Un poco más. Solo un poco más…

Las costura se deshicieron entre sus dedos y notó como la cinta cedía en su sujeción a la barra metálica. Los finos hilos se adherían a sus dedos por culpa de la sangre que habían dejado las heridas producidas al intentar desenroscar los tornillos de la camilla.

En cuanto la doctora dejó de caminar y se aproximó a coger su portátil, soltó internamente un suspiro de alivio, puesto que le daría un poco de tiempo para desatar la otra muñequera.

Pero solo necesitó ver su reacción al dejar de nuevo el aparato para saber que aquello terminaba. Ahí y ahora.

Kelly caminó hasta la mesa donde dispuso previamente el instrumental quirúrgico, extrajo el escalpelo de su funda y no vaciló en ningún momento al llevarlo directamente a la cara de la inspectora.

Su mano se movió por voluntad propia. En un momento estaba agarrada disimuladamente a su costado y al otro estaba retorciendo el brazo de Kelly Nieman. Le quitó el escalpelo de las manos y ella misma reculó sin dejar de observarla.

Tras liberarse de todas las abrazaderas, avanzó con paso lento pero decidió hacia la doctora, con el utensilio siempre al frente.

Examinó su cara, la que traería en un futuro miles de pesadillas. Y supo en ese momento que ni una sola noche se libraría de la imagen de ella torturándola con brillantes utensilios, ni del amargo sabor que le dejaba el tener que ser ella quien terminara con todo.

La doctora siguió retrocediendo hasta dar con una pared e intentó golpearla, pero sus articulaciones respondían por sí solas y absorbieron cada golpe.

Clavó el escalpelo en su hombro, lo extrajo para volver a clavarlo en su pecho, y otra vez para clavarlo en su estómago.

Se retiró para que Nieman cayera en el suelo por su propio peso, sin emitir un solo quejido o muestra de dolor.

La sangre comenzó a formar un charco alrededor de su menudo cuerpo, y no pudo hacer más que observar cómo se iba la vida de aquellos marchitos e inexpresivos ojos.

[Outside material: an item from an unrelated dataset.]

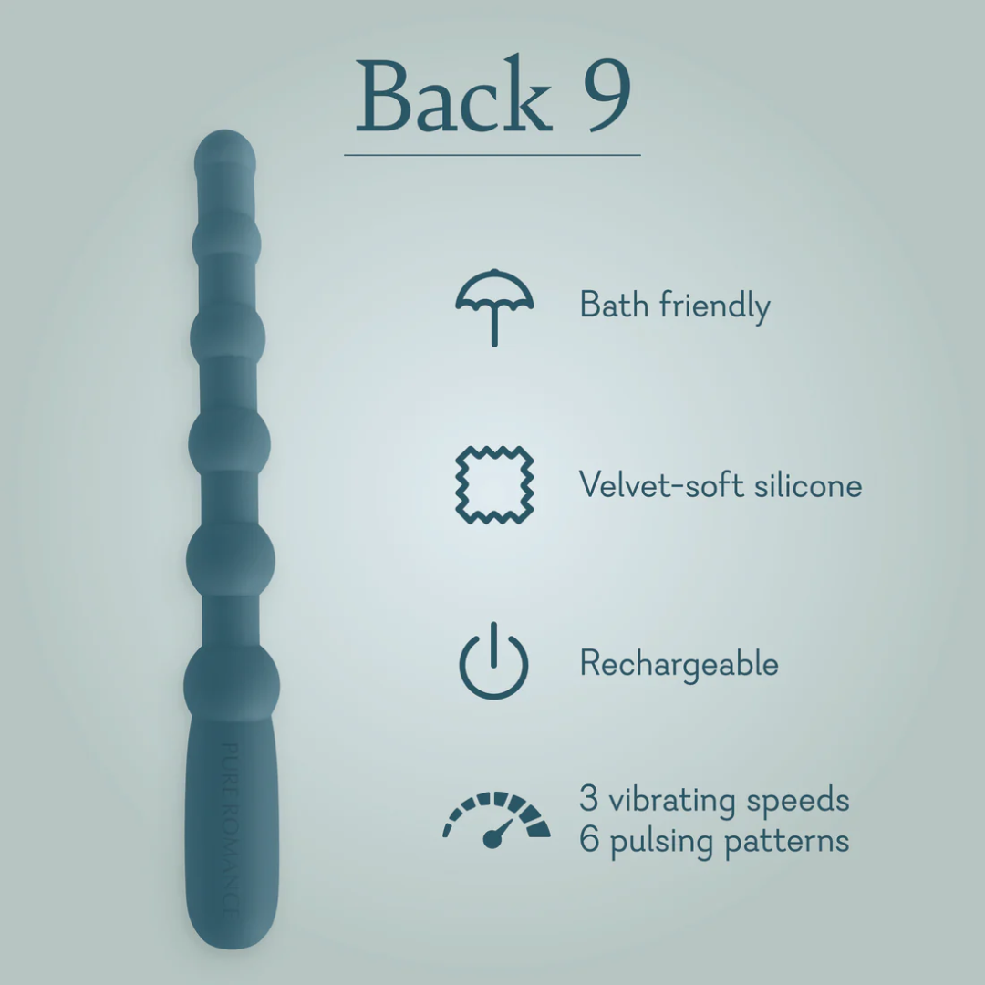 When it comes to the Back 9, nothing is out of bounds. This flexible silicone anal vibrator is always up to par with a series of graduated beads that let you indulge as little or as much as you want, while 9 powerful vibrating functions tee-up pleasure for the ultimate ace.

En ningún momento soltó el arma. Ni siquiera cuando escuchó que entraban en la habitación.

Tampoco se permitió que su mirada abandonara el rostro de la doctora. Quería guardar el recuerdo, asegurándose de que su tormento no volvería.

Tampoco se giró cuando escuchó a su marido llamándola. Sabía que él se acercaría, que la alejaría de allí y le haría sentirse a salvo, fuera de peligro.

Y aquella misma noche, cuando acurrucada en su cama le dijo que cada vez que cerraba los ojos la veía, supo que no tenía porqué temer, puesto que los brazos de su marido estarían abiertos para recibirla.

No pudo dormir. Durante toda la madrugada sus ojos se mantuvieron plenamente abiertos y recibiendo cada luz y movimiento.

Y se repitió la siguiente noche. Y la siguiente. Y la siguiente…

Hasta que sus párpados ganaron la batalla y decidieron cerrarse, preparados para el impacto del primer recuerdo distorsionado de su pedacito de infierno.